* [Task description]
Show the lines below where "with" occurs.

Records supplied Block Start

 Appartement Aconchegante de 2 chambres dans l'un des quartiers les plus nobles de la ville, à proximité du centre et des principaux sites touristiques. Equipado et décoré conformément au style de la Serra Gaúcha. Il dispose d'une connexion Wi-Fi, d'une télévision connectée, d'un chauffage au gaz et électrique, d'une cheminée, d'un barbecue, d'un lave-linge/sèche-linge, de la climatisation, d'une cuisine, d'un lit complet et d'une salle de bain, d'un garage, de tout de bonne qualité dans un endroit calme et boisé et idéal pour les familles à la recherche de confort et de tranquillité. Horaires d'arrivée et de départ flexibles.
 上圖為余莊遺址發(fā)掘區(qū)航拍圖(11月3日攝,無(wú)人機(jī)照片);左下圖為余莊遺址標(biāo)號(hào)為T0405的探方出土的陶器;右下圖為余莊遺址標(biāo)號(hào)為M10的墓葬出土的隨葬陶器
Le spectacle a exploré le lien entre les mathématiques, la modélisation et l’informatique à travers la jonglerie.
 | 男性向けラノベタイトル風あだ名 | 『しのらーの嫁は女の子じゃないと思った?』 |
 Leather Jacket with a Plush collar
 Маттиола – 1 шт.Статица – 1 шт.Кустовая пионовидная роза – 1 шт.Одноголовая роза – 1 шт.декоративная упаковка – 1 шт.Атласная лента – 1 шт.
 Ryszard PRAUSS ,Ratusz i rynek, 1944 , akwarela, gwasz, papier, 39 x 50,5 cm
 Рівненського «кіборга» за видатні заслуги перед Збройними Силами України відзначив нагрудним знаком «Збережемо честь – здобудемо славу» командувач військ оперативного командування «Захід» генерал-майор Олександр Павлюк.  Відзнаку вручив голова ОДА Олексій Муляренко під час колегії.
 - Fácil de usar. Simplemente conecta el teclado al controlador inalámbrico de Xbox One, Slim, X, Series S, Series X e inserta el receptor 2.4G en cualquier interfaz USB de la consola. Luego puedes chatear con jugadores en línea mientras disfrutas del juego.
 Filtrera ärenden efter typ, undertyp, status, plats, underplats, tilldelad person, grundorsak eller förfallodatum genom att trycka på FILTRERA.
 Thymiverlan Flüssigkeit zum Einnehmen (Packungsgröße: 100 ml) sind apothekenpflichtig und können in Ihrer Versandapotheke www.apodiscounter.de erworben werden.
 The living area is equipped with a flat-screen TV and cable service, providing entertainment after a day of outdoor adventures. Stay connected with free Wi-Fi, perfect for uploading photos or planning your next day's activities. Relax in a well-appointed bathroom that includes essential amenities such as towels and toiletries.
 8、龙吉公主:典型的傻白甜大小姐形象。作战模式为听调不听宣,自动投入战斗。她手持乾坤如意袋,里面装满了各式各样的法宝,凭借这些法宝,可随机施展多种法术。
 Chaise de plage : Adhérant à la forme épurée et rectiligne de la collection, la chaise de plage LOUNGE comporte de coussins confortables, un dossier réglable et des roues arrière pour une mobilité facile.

Records supplied Block End

* [Answer to this problem]
 Leather Jacket with a Plush collar
 The living area is equipped with a flat-screen TV and cable service, providing entertainment after a day of outdoor adventures. Stay connected with free Wi-Fi, perfect for uploading photos or planning your next day's activities. Relax in a well-appointed bathroom that includes essential amenities such as towels and toiletries.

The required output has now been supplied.